▸ **EXERCISE AIM**: Extract, word for word, each line from the line holding "阴包穴:大腿内侧中线上,膝关节上一掌宽处。" through the end of the records. Omit every picture.

▸ **GIVEN RECORDS**:
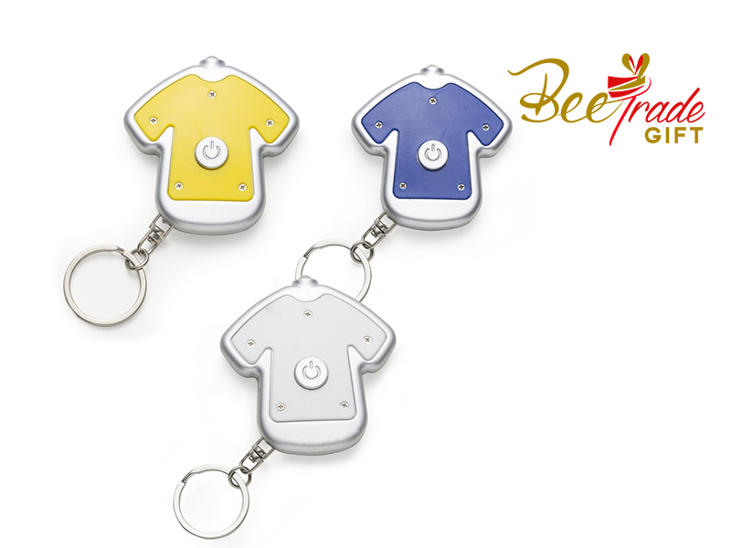 Chaveiro de plástico com lanterna em formato de camiseta colorida com contorno prata.
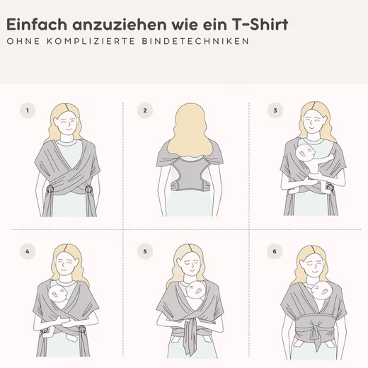 - EFFORTLESS TO PUT ON: Our baby sling can be put on quickly and easily like a T-shirt – without complicated tying techniques.
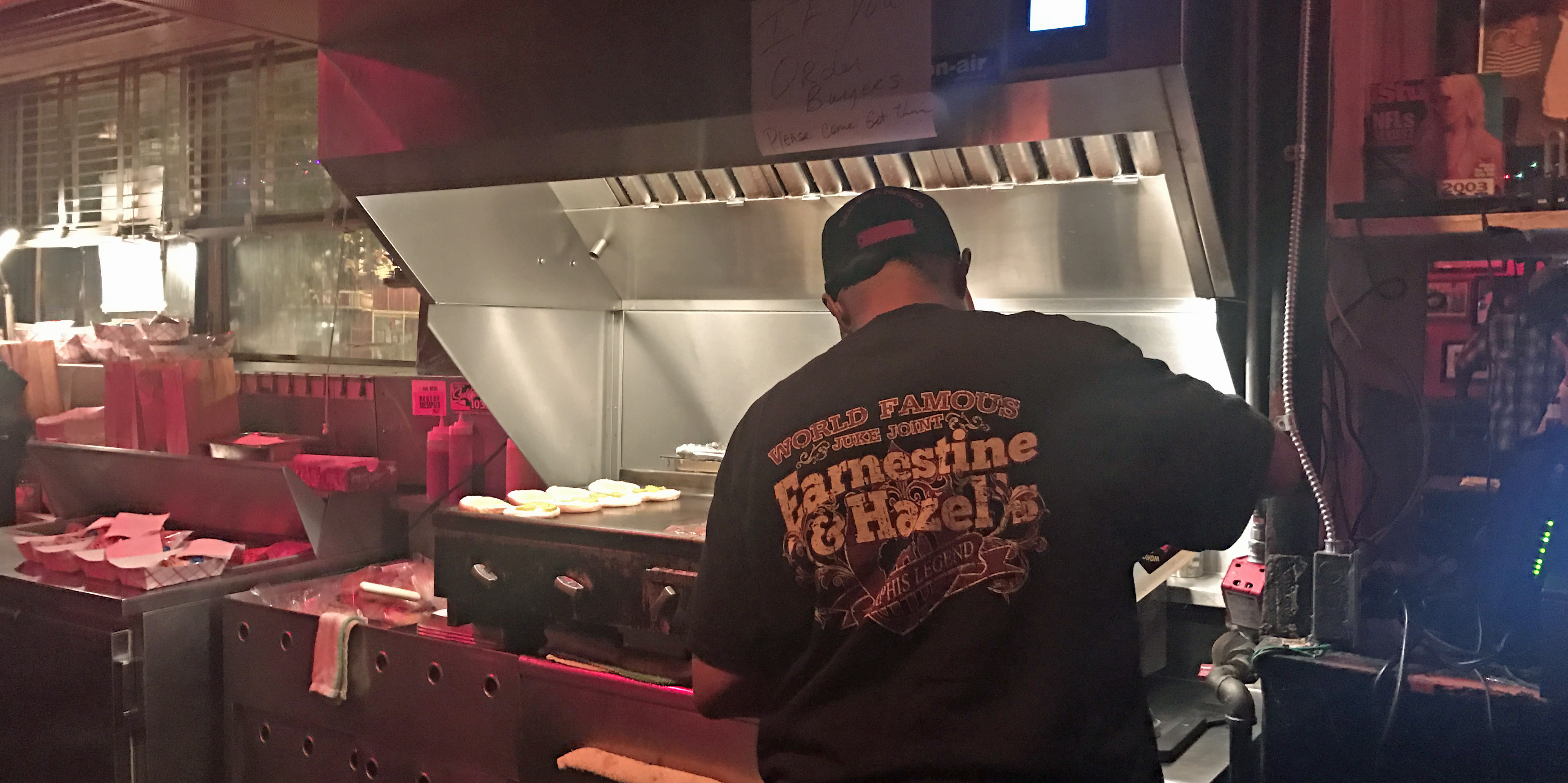 If you find yourself downtown late at night in search of a beer and in want of a burger, I suggest stopping in at Earnestine & Hazel’s.  E&H (as many refer to it) is an old-school juke joint turned dive bar. Rumor has it the place is haunted.  However, I didn’t see, hear or feel any ghosts. And, the jukebox didn’t play any special songs to me while I was there either.   There are two items on the menu at E&H, cold beer, and burgers.  The burgers are made directly behind the bar and they come one way, — a bun, patty, onions, cheese, pickle, and “Soul Sauce.
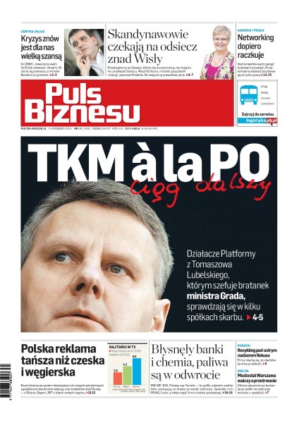 Działacze Platformy z Tomaszowa Lubelskiego, którym szefuje bratanek ministra Grada, sprawdzają się w kilku spółkach skarbu; kryzys znów jest dla Polski wielką szansą; Skandynawowie czekają na odsiecz znad Wisły; networking dopiero raczkuje; polska reklama tańsza niż czeska i węgierska; błysnęły banki i chemia, paliwa są w odwrocie; recykling pod ostrym nadzorem fiskusa; Mostostal Warszawa walczy o przetrwanie.
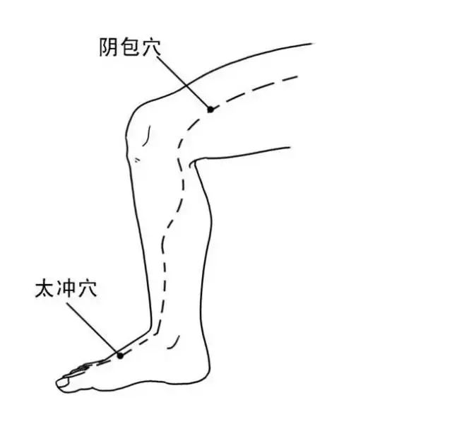 阴包穴:大腿内侧中线上,膝关节上一掌宽处。
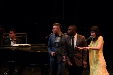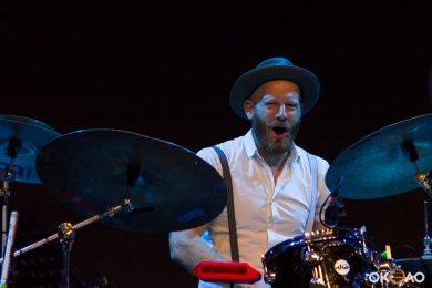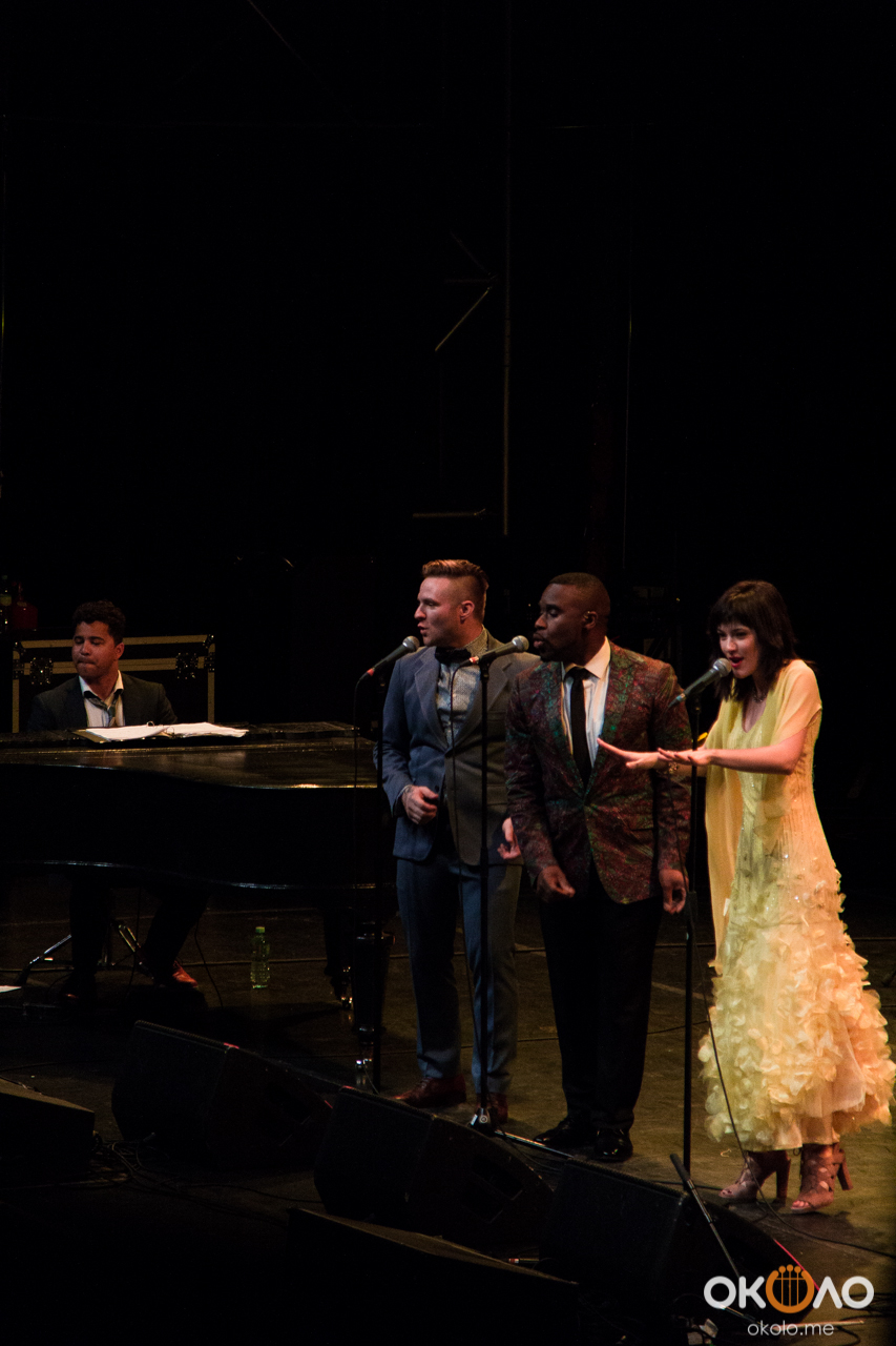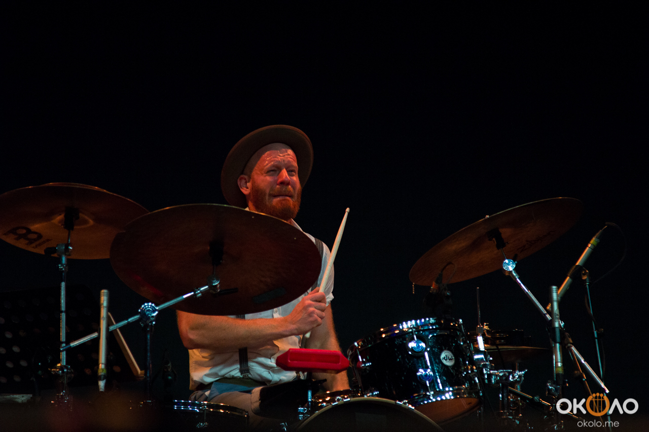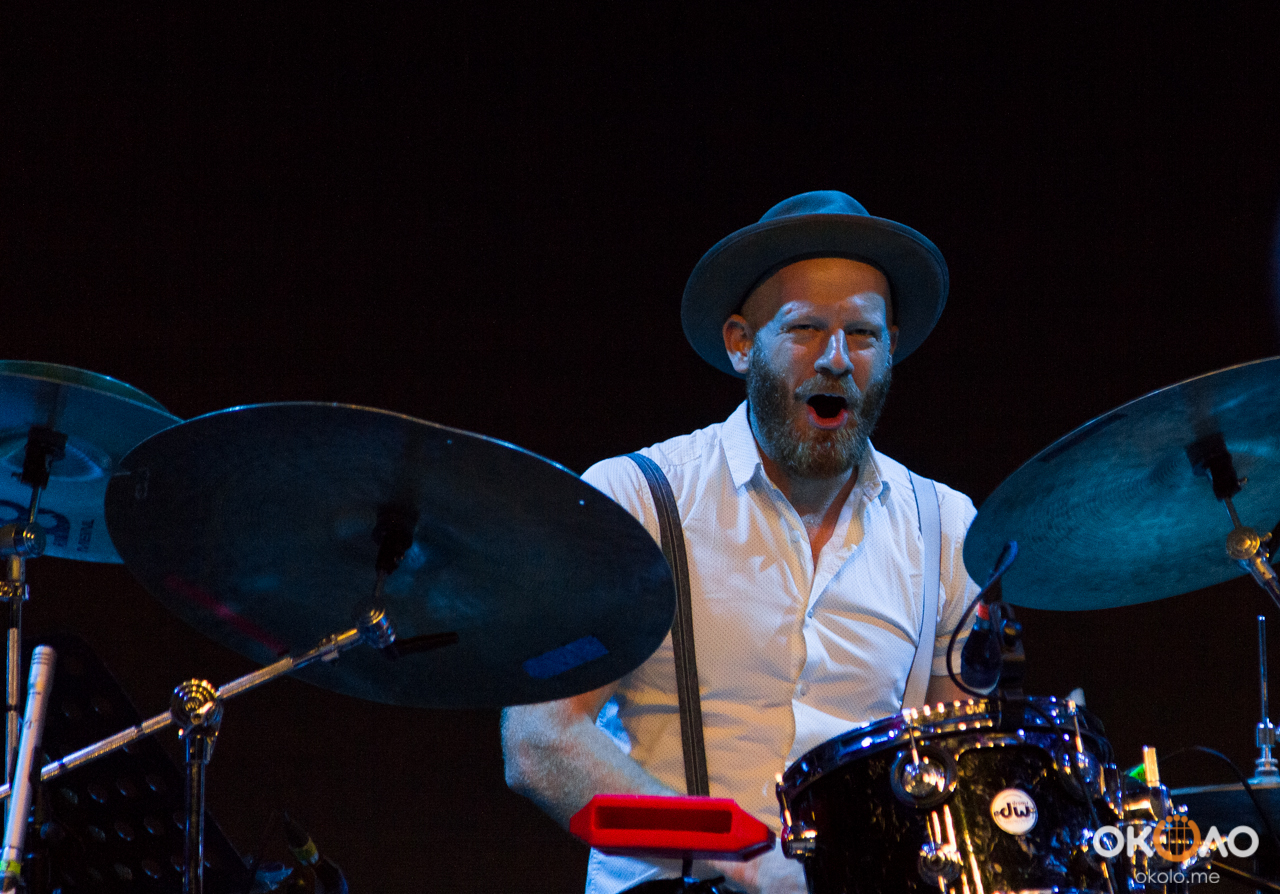 Музыканты были не менее интересны, чем вокалисты и принимали активное участие в шоу, время от времени оказываясь вместе с ними на авансцене. Ударная установка звучала совсем иначе, чем на рок-концерте: не было громыхания и выделения бас-барабана в центр микса. Даже когда барабанщик выходил на передний план и играл только в малый барабан, висящий на ремне, отсутствие ударной установки было не особо заметно, когда вся вступали все инструменты.

▸ **RESPONSE TO THIS TASK**:
 阴包穴:大腿内侧中线上,膝关节上一掌宽处。
 Музыканты были не менее интересны, чем вокалисты и принимали активное участие в шоу, время от времени оказываясь вместе с ними на авансцене. Ударная установка звучала совсем иначе, чем на рок-концерте: не было громыхания и выделения бас-барабана в центр микса. Даже когда барабанщик выходил на передний план и играл только в малый барабан, висящий на ремне, отсутствие ударной установки было не особо заметно, когда вся вступали все инструменты.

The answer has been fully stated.